DIRECTIONS:
Transcribe the listing in full, excluding any pictures.

SUPPLIED INFORMATION:

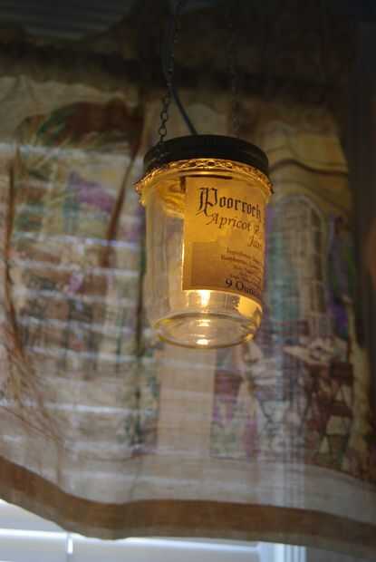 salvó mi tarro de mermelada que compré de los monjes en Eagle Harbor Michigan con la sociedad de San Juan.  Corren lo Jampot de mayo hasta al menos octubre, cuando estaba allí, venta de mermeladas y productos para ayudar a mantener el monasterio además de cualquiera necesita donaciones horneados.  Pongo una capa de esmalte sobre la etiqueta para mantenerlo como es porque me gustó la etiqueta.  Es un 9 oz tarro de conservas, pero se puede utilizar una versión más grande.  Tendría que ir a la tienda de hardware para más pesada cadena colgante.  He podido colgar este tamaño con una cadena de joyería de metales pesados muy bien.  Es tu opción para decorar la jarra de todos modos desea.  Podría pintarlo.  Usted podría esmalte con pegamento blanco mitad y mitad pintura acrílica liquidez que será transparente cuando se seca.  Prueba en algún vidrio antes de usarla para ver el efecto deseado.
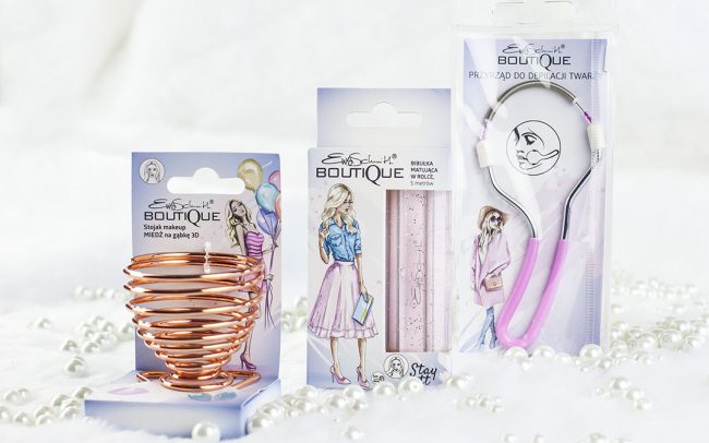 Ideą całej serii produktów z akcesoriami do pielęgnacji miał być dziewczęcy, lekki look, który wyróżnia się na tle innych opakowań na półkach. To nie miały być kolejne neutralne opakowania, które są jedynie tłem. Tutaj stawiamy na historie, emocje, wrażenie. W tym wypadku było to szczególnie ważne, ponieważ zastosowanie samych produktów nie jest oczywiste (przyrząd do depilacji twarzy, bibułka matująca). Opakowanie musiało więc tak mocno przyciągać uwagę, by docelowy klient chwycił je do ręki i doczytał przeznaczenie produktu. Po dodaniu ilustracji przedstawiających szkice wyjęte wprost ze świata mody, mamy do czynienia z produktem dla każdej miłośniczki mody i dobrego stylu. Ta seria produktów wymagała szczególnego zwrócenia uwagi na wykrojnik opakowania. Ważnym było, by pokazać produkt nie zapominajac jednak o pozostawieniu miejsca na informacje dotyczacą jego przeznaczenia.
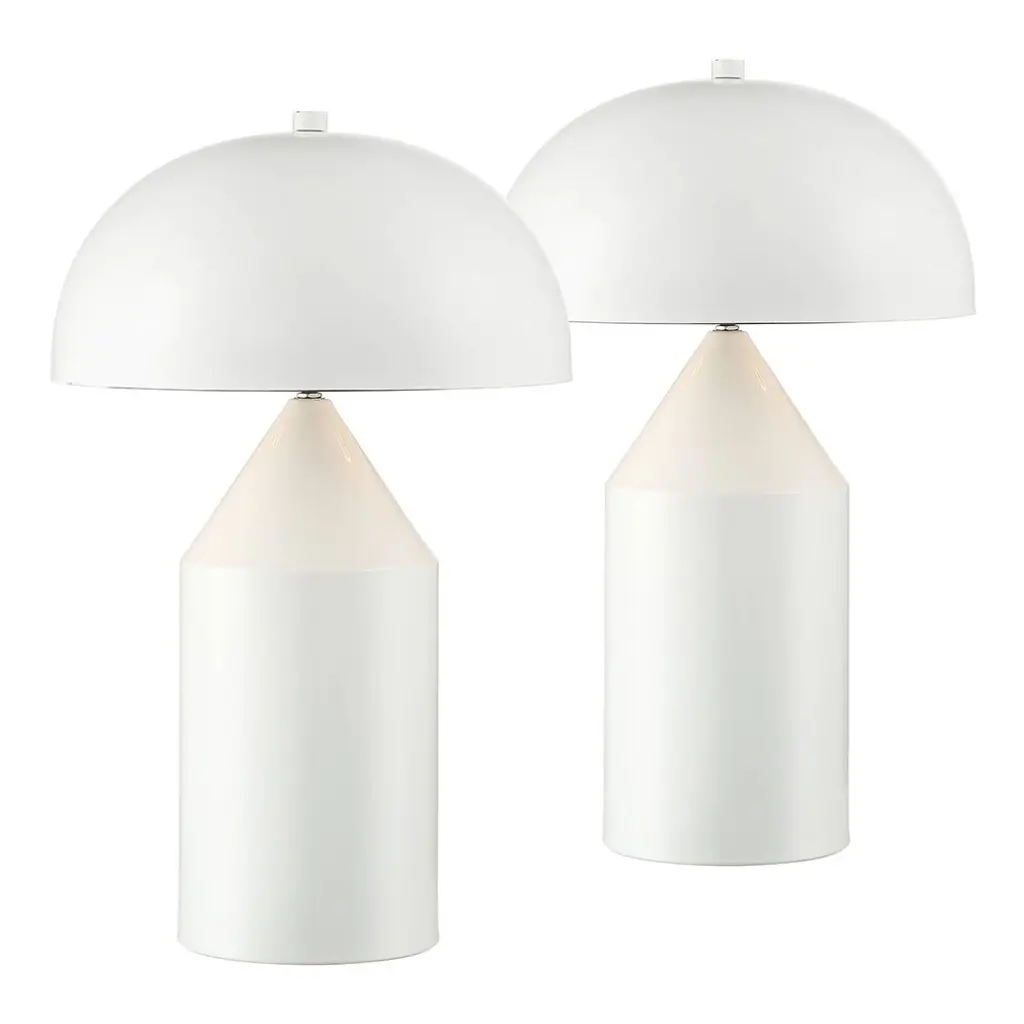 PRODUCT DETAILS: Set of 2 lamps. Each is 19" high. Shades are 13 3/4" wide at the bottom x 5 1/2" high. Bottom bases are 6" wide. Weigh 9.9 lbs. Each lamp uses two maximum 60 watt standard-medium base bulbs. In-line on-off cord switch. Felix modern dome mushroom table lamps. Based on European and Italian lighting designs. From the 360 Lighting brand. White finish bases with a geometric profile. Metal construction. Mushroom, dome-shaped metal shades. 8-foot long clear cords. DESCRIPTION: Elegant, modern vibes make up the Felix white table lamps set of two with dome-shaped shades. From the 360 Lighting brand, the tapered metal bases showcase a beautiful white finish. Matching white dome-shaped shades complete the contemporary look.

RESULT OF THE EXERCISE:
 salvó mi tarro de mermelada que compré de los monjes en Eagle Harbor Michigan con la sociedad de San Juan.  Corren lo Jampot de mayo hasta al menos octubre, cuando estaba allí, venta de mermeladas y productos para ayudar a mantener el monasterio además de cualquiera necesita donaciones horneados.  Pongo una capa de esmalte sobre la etiqueta para mantenerlo como es porque me gustó la etiqueta.  Es un 9 oz tarro de conservas, pero se puede utilizar una versión más grande.  Tendría que ir a la tienda de hardware para más pesada cadena colgante.  He podido colgar este tamaño con una cadena de joyería de metales pesados muy bien.  Es tu opción para decorar la jarra de todos modos desea.  Podría pintarlo.  Usted podría esmalte con pegamento blanco mitad y mitad pintura acrílica liquidez que será transparente cuando se seca.  Prueba en algún vidrio antes de usarla para ver el efecto deseado.
 Ideą całej serii produktów z akcesoriami do pielęgnacji miał być dziewczęcy, lekki look, który wyróżnia się na tle innych opakowań na półkach. To nie miały być kolejne neutralne opakowania, które są jedynie tłem. Tutaj stawiamy na historie, emocje, wrażenie. W tym wypadku było to szczególnie ważne, ponieważ zastosowanie samych produktów nie jest oczywiste (przyrząd do depilacji twarzy, bibułka matująca). Opakowanie musiało więc tak mocno przyciągać uwagę, by docelowy klient chwycił je do ręki i doczytał przeznaczenie produktu. Po dodaniu ilustracji przedstawiających szkice wyjęte wprost ze świata mody, mamy do czynienia z produktem dla każdej miłośniczki mody i dobrego stylu. Ta seria produktów wymagała szczególnego zwrócenia uwagi na wykrojnik opakowania. Ważnym było, by pokazać produkt nie zapominajac jednak o pozostawieniu miejsca na informacje dotyczacą jego przeznaczenia.
 PRODUCT DETAILS: Set of 2 lamps. Each is 19" high. Shades are 13 3/4" wide at the bottom x 5 1/2" high. Bottom bases are 6" wide. Weigh 9.9 lbs. Each lamp uses two maximum 60 watt standard-medium base bulbs. In-line on-off cord switch. Felix modern dome mushroom table lamps. Based on European and Italian lighting designs. From the 360 Lighting brand. White finish bases with a geometric profile. Metal construction. Mushroom, dome-shaped metal shades. 8-foot long clear cords. DESCRIPTION: Elegant, modern vibes make up the Felix white table lamps set of two with dome-shaped shades. From the 360 Lighting brand, the tapered metal bases showcase a beautiful white finish. Matching white dome-shaped shades complete the contemporary look.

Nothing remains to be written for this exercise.